# [TASK DETAILS]
From the line below containing "Perie de frecat" to the final line, print each line exactly as written. No pictures belong in the copy.

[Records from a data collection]
[Start of Attachment]

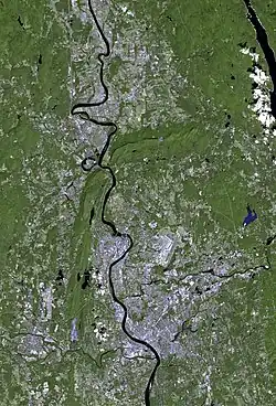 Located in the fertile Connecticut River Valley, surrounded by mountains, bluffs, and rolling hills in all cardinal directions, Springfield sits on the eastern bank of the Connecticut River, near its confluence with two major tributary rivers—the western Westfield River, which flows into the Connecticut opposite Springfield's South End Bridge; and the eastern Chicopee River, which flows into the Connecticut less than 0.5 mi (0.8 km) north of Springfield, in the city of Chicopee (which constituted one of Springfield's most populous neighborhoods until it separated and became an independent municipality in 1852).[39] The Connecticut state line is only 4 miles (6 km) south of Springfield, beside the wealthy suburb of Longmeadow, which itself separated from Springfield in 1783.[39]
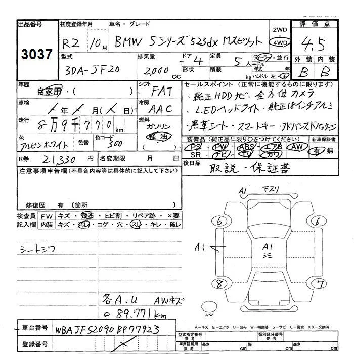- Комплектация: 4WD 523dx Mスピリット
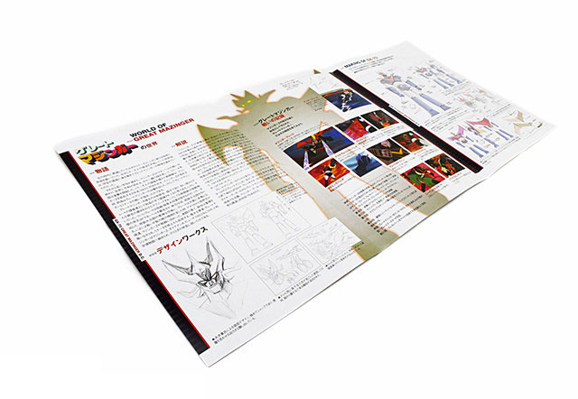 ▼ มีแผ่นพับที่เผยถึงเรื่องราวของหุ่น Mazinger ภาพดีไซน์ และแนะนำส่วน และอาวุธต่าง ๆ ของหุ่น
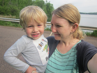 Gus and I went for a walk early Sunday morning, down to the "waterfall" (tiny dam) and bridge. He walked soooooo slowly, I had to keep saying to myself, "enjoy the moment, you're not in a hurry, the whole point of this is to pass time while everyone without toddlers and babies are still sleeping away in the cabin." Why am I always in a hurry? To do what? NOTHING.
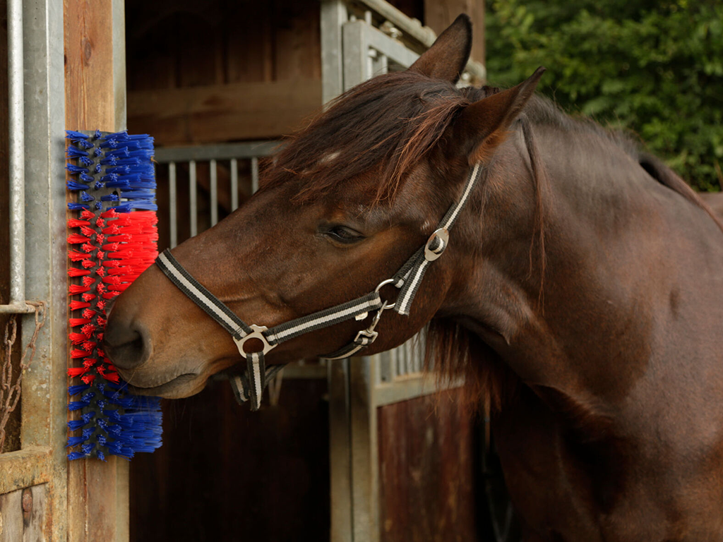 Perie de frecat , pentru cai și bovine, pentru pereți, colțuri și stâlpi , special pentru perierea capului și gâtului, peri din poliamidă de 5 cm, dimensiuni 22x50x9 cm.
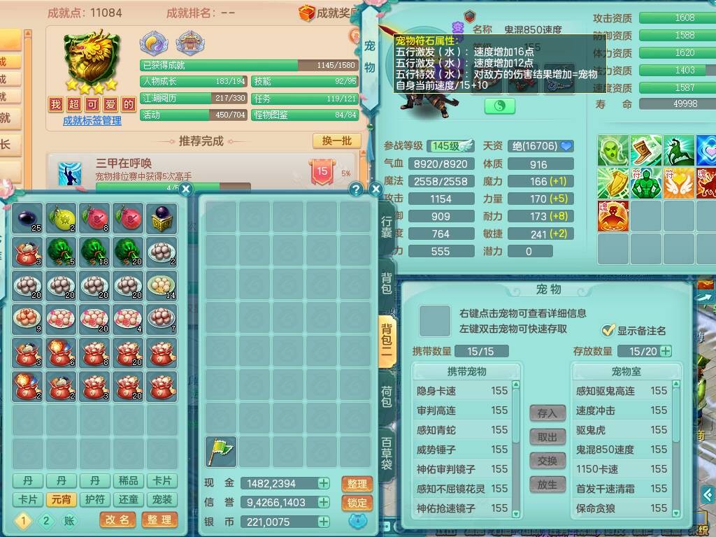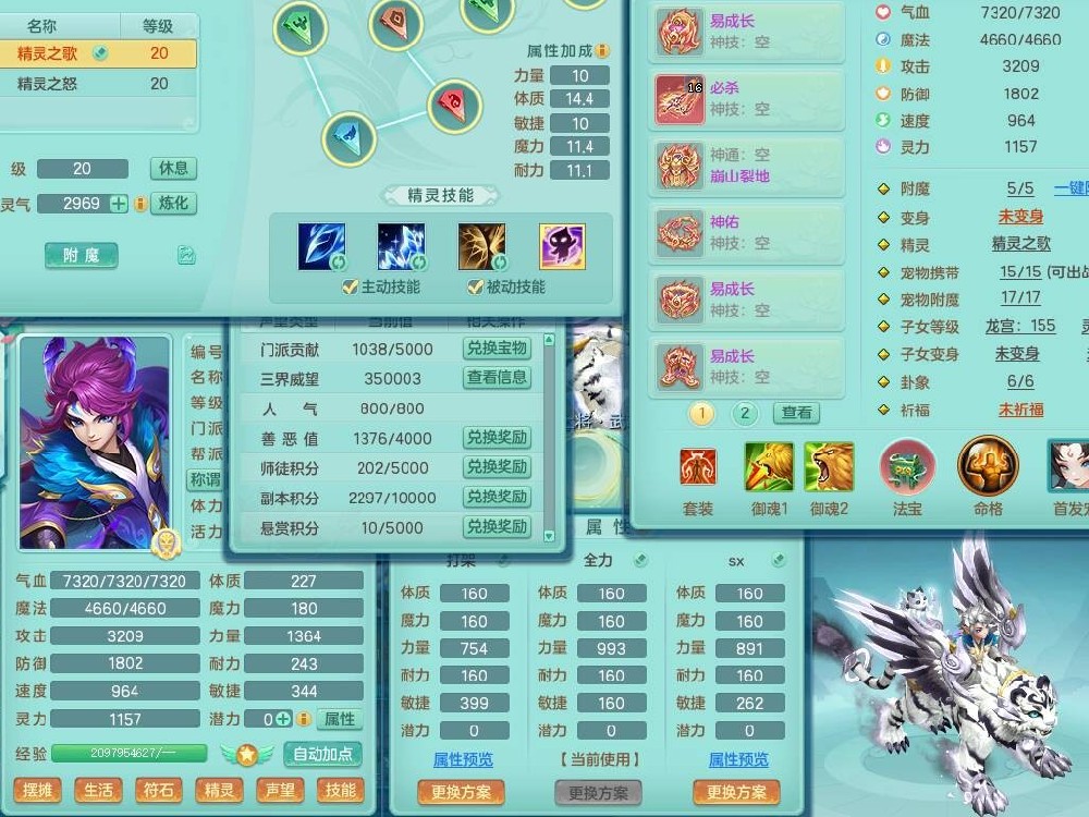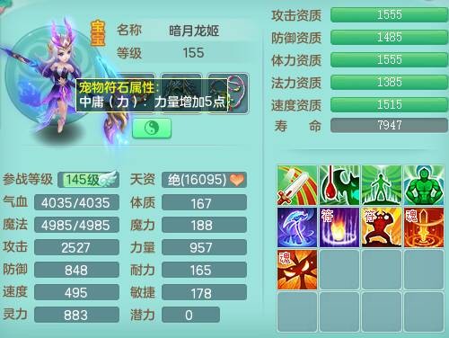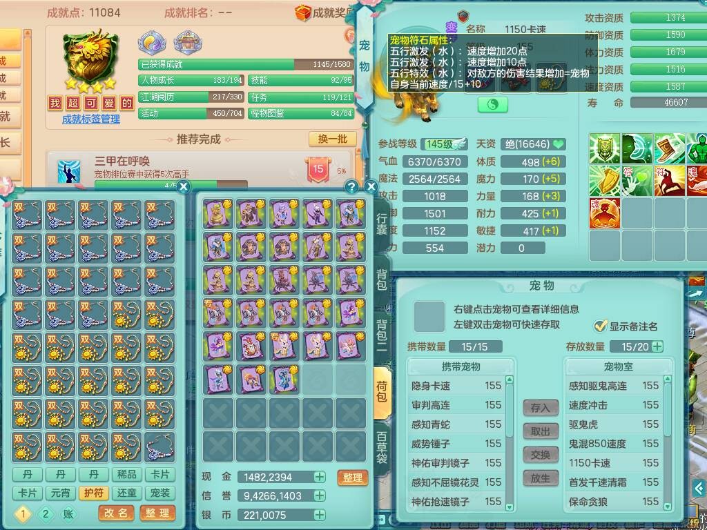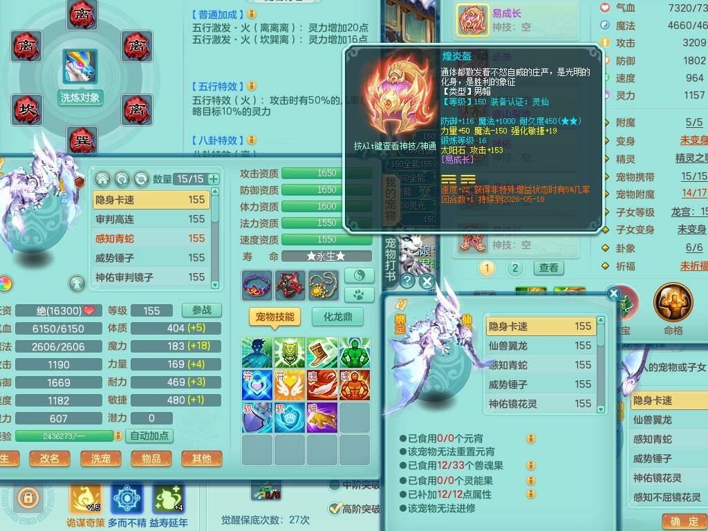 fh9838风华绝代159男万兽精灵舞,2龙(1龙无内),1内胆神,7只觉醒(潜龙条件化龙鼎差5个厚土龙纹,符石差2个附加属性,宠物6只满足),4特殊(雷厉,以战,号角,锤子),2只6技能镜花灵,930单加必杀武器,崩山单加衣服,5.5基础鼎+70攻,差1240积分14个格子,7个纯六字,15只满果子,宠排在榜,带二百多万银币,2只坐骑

[End of Attachment]

# [ANSWER BOX]
 Perie de frecat , pentru cai și bovine, pentru pereți, colțuri și stâlpi , special pentru perierea capului și gâtului, peri din poliamidă de 5 cm, dimensiuni 22x50x9 cm.
 fh9838风华绝代159男万兽精灵舞,2龙(1龙无内),1内胆神,7只觉醒(潜龙条件化龙鼎差5个厚土龙纹,符石差2个附加属性,宠物6只满足),4特殊(雷厉,以战,号角,锤子),2只6技能镜花灵,930单加必杀武器,崩山单加衣服,5.5基础鼎+70攻,差1240积分14个格子,7个纯六字,15只满果子,宠排在榜,带二百多万银币,2只坐骑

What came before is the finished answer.